3.23 Figures of merit

Figures of merit, known also as metric or model estimates, are values being estimated from a prediction model by using a particular model validation method. In practice, varying figures of merit have been proposed to explain the performance of a regression or classification model.

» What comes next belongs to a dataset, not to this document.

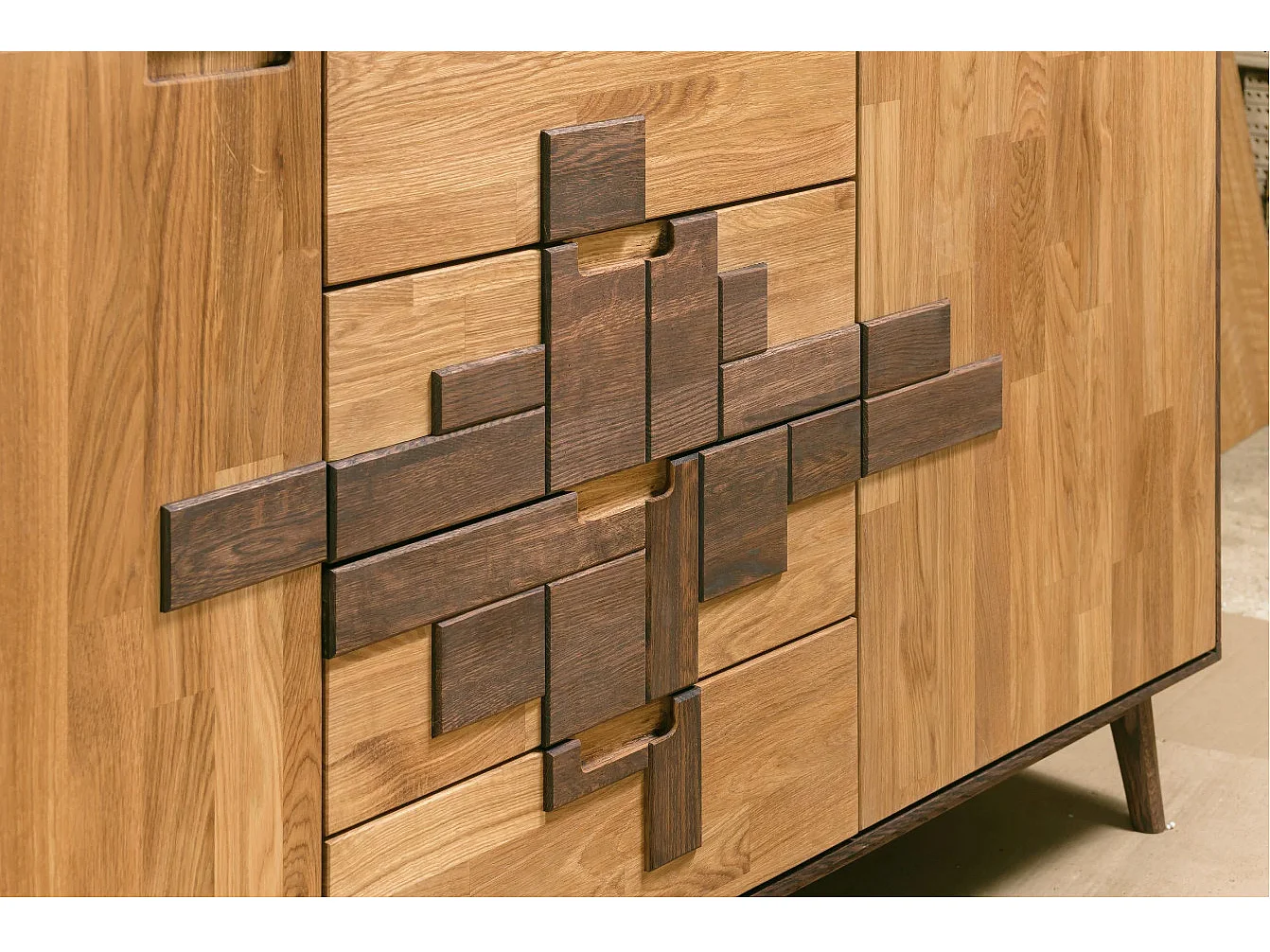 Aparador Kundy madera maciza de roble 2 puertas 4 cajones 160 cm

Basically, the choice of figures of merit depends on the goal of analysis and inherent nature of the data set.

3.24 Contemporary practices

Two most used figures of merit in PLS-DA modelling are classification error rate,^22,23 and root mean squared error (RMSE).^29–33 Other figures of merit also in use are sensitivity and specificity,^29,30,44 coefficient of determination of model fitting (R²), and prediction (Q²),^24–28 area under curve (AUC) and ROC.^36,39,40

3.25 Knowledge gaps

3.25.1 Is RMSE suitable to describe the performance of a PLS-DA model?. Researchers habitually report the performance of a classification model in terms of error rate or classification accuracy. In contrast to other discriminant methods like Fisher's Linear Discriminant Analysis (LDA),¹⁵⁷ and SIMCA,¹⁵⁸ PLS-DA is derived from a regression algorithm, i.e. PLS. Due to this reason, figures of merit that are common in the regression model, e.g. RMSE, R², and Q² have been employed to describe a PLS-DA model (see ESI Table 1†). A primary difference between RMSE and error rate is that the former uses the raw predicted value to estimate the classification ability of the model, whilst the latter employs the translated version of the predicted value (i.e. a particular DR is used to convert ŷ into meaningful class membership). Mathematically, RMSE will not be affected by the DR. However, in practice, RMSE does not seem to be relevant in the context of classification.¹⁰² On the other hand, Gromski et al. have highlighted that R² and Q² are invalid to explain a categorical model.¹⁹

3.26 General remarks

In the contemporary big data era where data sizes grow rapidly attributed to the rapid development in instrumental technology, the real-world data are evolving into a more complex form. However, it is noted here that PLS-DA has not been explored in modelling complicated datasets. Many studies have employed rather simple datasets with a moderate number of samples (N < 200) on a small number of groups (G < 5). Despite most studies often emphasize that their results are readily extended to other similar studies, but with a bigger dataset (and involved more number of groups), the problem becomes more complicated and some technical aspects that are proved to be valid in binary data might not fit to multi-class data. Eventually, the empirical statistical literature lacks exemplar work that demonstrates the potential of PLS-DA in modelling colossal, imbalanced and multi-class data.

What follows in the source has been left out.